Наталья Савадян-Паронян выросла в одном из старых районов Владикавказа. Окончила живописно-педагогическое отделение Владикавказского художественного училища, затем – художественно-графический факультет Московского педагогического института, ныне – Московского государственного университета им. М. А. Шолохова. Училась самоотверженно и увлеченно, в результате, как этого и следовало ожидать, владеет профессиональной школой. С удовольствием и большой творческой пользой для себя и своих воспитанников преподает во Владикавказском лицее искусств. Является членом Союза художников России, куда, как известно, принимают не просто так, и не только в связи с наличием соответствующего художественного уровня. Многочисленные живописные и графические работы, выставки, в том числе масштабные персональные в залах Республиканского художественного музея им. М.С. Туганова, – свидетельство ее неустанно растущего творческого багажа, без которого трудно обрести признание такого рода. Она из тех счастливцев-художников, для которых творчество – образ жизни, неотъемлемая естественная составляющая каждодневного бытия, порой, даже не осознаваемое, постоянное средство связи с мировой гармонией. При этом почти смешно говорить о ее профессиональном фанатизме, приносящем в жертву искусству все и вся, в том числе и личную жизнь, поскольку Наталья Савадян-Паронян – еще и заботливая мать большого семейства, воспитавшая троих замечательных сыновей.
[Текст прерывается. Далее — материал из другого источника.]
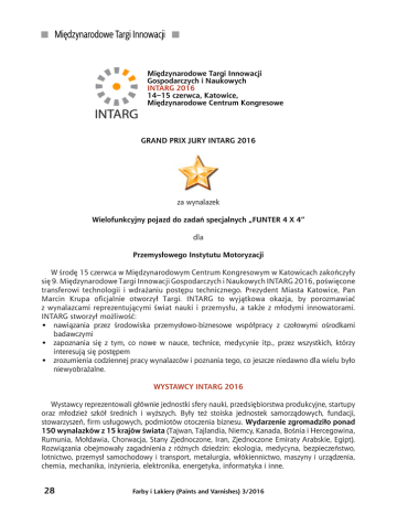 Międzynarodowe Targi Innowacji Międzynarodowe Targi Innowacji Gospodarczych i Naukowych INTARG 2016 14–15 czerwca, Katowice, Międzynarodowe Centrum Kongresowe GRAND PRIX JURY INTARG 2016 za wynalazek Wielofunkcyjny pojazd do zadań specjalnych „FUNTER 4 X 4” dla Przemysłowego Instytutu Motoryzacji W środę 15 czerwca w Międzynarodowym Centrum Kongresowym w Katowicach zakończyły się 9. Międzynarodowe Targi Innowacji Gospodarczych i Naukowych INTARG 2016, poświęcone transferowi technologii i wdrażaniu postępu technicznego. Prezydent Miasta Katowice, Pan Marcin Krupa oficjalnie otworzył Targi. INTARG to wyjątkowa okazja, by porozmawiać z wynalazcami reprezentującymi świat nauki i przemysłu, a także z młodymi innowatorami. INTARG stworzył możliwość: • nawiązania przez środowiska przemysłowo-biznesowe współpracy z czołowymi ośrodkami badawczymi • zapoznania się z tym, co nowe w nauce, technice, medycynie itp., przez wszystkich, którzy interesują się postępem • zrozumienia codziennej pracy wynalazców i poznania tego, co jeszcze niedawno dla wielu było niewyobrażalne. WYSTAWCY INTARG 2016 Wystawcy reprezentowali głównie jednostki sfery nauki, przedsiębiorstwa produkcyjne, startupy oraz młodzież szkół średnich i wyższych. Były też stoiska jednostek samorządowych, fundacji, stowarzyszeń, firm usługowych, podmiotów otoczenia biznesu. Wydarzenie zgromadziło ponad 150 wynalazków z 15 krajów świata (Tajwan, Tajlandia, Niemcy, Kanada, Bośnia i Hercegowina, Rumunia, Mołdawia, Chorwacja, Stany Zjednoczone, Iran, Zjednoczone Emiraty Arabskie, Egipt). Rozwiązania obejmowały zagadnienia z różnych dziedzin: ekologia, medycyna, bezpieczeństwo, lotnictwo, przemysł samochodowy i transport, metalurgia, włókiennictwo, maszyny i urządzenia, chemia, mechanika, inżynieria, elektronika, energetyka, informatyka i inne. 28 Farby i Lakiery (Paints and Varnishes) 3/2016 Międzynarodowe Targi Innowacji Innowacyjna technologia produkcji suszonego mięsa strusi o podwyższonej wartości prozdrowotnej; Kokosowy i truskawkowy koktajl ekologiczny dla osób uprawiających sport, opóźniający proces starzenia; Granulat do regeneracji tkanki kostnej; Robot do walki z pożarem; Robot do rehabilitacji kończyn górnych; Inteligentny kombinezon bojowy; Nowatorska drukarka 3D; Pojazd do zadań specjalnych – to zaledwie część wynalazków, które zaprezentowane zostały na Targach. Zwiedzający INTARG przekonali się, że „innowacja” łączy świat nauki i biznesu oraz służy nam wszystkim, wpływając na poprawę jakości życia, pracy, zdrowia, środowiska. KONFERENCJE I SPOTKANIA B2B W programie Targów nie zabrakło imprez towarzyszących, które cieszyły się dużym zainteresowaniem. Urząd Marszałkowski Województwa Śląskiego oraz Górnośląska Agencja Przedsiębiorczości i Rozwoju byli głównymi organizatorami konferencji „Medica Silesia Clusters Meeting”. Górnośląska Agencja Przedsiębiorczości i Rozwoju była również głównym organizatorem Spotkań B2B oraz konferencji „Przedsiębiorstwo w XXI wieku – szanse i wyzwania”. Fundacja NANONET zaprosiła na konferencję poświęconą zagadnieniom z dziedziny nanotechnologii pod hasłem „InterNanoPoland 2016”. W drugim dniu Targów odbyła się konferencja „Innowacyjna gospodarka: pomysł – realizacja – sukces”, zorganizowana przez Regionalną Izbę Gospodarczą w Katowicach oraz firmę A1 Europe. STREFA INNOWACJI Przez dwa dni w Strefie Innowacji odbywały się liczne interesujące prezentacje: „Termoterapia” (ABC-N SYSTEM, Anna Nykiś); „System do samodzielnego murowania ścian” (Bartłomiej Banaszek); „Hybrydowa przystawka do napędu wózka osoby niepełnosprawnej HERMES” (Studenci Politechniki Białostockiej); „Innowacyjne usługi za pomocą aplikacji mobilnych dla partnerów biznesowych” (APPOI Sp. z o.o.); „Autobus elektryczny Ekovolt” (Ursus Bus SA); „Komputerowe systemy biomedyczne” (Uniwersytet Śląski); „Budowanie modelu systemowej współpracy nauki z biznesem (S2B) w zakresie poprawy warunków pracy” (CIOP-PAN); „Osiągnięcia naukowe w zakresie nanotechnologii i nanofizyki” („Nanonet” Fundacja Wspierania Nanonauk i Nanotechnologii). GALA KONKURSU INNOWATOR ŚLĄSKA W czasie Targów Górnośląska Agencja Przedsiębiorczości i Rozwoju na uroczystej Gali ogłosiła wyniki konkursów INNOWATOR ŚLĄSKA. GALA OGŁOSZENIA WYNIKÓW KRAJOWYCH KONKURSÓW LIDER INNOWACJI 2016 ORAZ MŁODY WYNALAZCA 2016 W czasie Gali zostały ogłoszone oficjalne wyniki konkursów organizowanych pod honorowym patronatem Wiceprezesa Rady Ministrów oraz Ministra Nauki i Szkolnictwa Wyższego – Jarosława Gowina: • LIDER INNOWACJI 2016 • MŁODY WYNALAZCA 2016 Farby i Lakiery (Paints and Varnishes) 3/2016 29 Międzynarodowe Targi Innowacji GALA OGŁOSZENIA WYNIKÓW INTARG 2016 Prezentowane rozwiązania zostały zgłoszone do konkursu Targów INTARG, w ramach którego grono kilkunastu jurorów i ekspertów, pod przewodnictwem dr. inż. Krzysztofa Biernata, prof. nadzw., oraz dr hab. inż. Grzegorza Wcisło dokonało ich oceny, przyznając nagrody i medale. W dniu 15 czerwca 2016 roku odbyła się Gala, na której ogłoszono oficjalne wyniki konkursu i wręczono nagrody ufundowane przez patronów wydarzenia oraz przyznane przez jury Targów. W ramach konkursu INTARG jury przyznało: a) Wyróżnienia specjalne: • Grand Prix za rozwiązanie: Wielofunkcyjny pojazd do zadań specjalnych „FUNTER 4 X 4”. Wynalazek opracowany został przez dr inż. Andrzeja Muszyńskiego, mgr inż. Dariusza Wojdasa, mgr inż. Jakuba Lisieckiego; mgr inż. Szymona Lisieckiego, mgr inż. Roberta Dudka, mgr inż. Piotra Mitasa z Przemysłowego Instytutu Motoryzacji. • Nagroda przewodniczącego Jury dla Instytutu Chemii Przemysłowej za: Hybrydowe nieorganiczno/organiczne aerożele do zastosowań izolacyjnych. opracowane przez dr hab. Marię Zielec

Очевидная станковость и жанровая камерность ее произведений не только не мешают, а напротив, скорее помогают ей находить своих зрителей и коллекционеров среди образованной владикавказской публики. Конечно, не только эти качества. А может быть, и совсем не эти, поскольку поклонники ее творчества чаще всего не могут точно вербализировать свое к нему расположение. Работы художницы просты, понятны и в то же время феноменальны.

Наталья Савадян-Паронян работает в привычной зоне традиционного фигуративного искусства. Казалось бы, все ясно, она – как говорят сегодня – традиционалист. И, безусловно – зоркий наблюдатель с уникальной эмоционально-зрительной памятью, фиксирующей не конкретное, а характерное, остро выразительное, когда образная коннотация оказывается живее и точнее бесстрастно запечатленной натуры. Ее герои узнаваемы. Их узнают друзья и знакомые. Не исключено, что они узнают сами себя. Однако в работах нет и намека на попытку решить задачу натуралистической, или же академической визуализации. Объем фигур и предметов чаще нивелирован и почти уплощен. Перспектива – условна. Она скорее авторская, нежели построенная по правилам науки. Пространство здесь обозначается и строится посредством совокупности знакомых образов-черт, не вызывающих сомнения в достоверности. И в этом условном пространстве, оказывающимся обширным синкретическим полем мыслей, ассоциаций и эмоциональной стихии души автора, симультанно сосуществуют образы из разных миров – воображаемого и реального, прошлого и настоящего, проступая из цветного марева памяти, коим предстает у Натальи Савадян-Паронян сама живописная материя. Конструкция формы, материальность изображаемых объектов для нее не особо важны. Зато характер этих объектов важен и читается сразу. Не важно, характер ли это человека, собаки или кота, птицы или самого города – главных героев ее произведений.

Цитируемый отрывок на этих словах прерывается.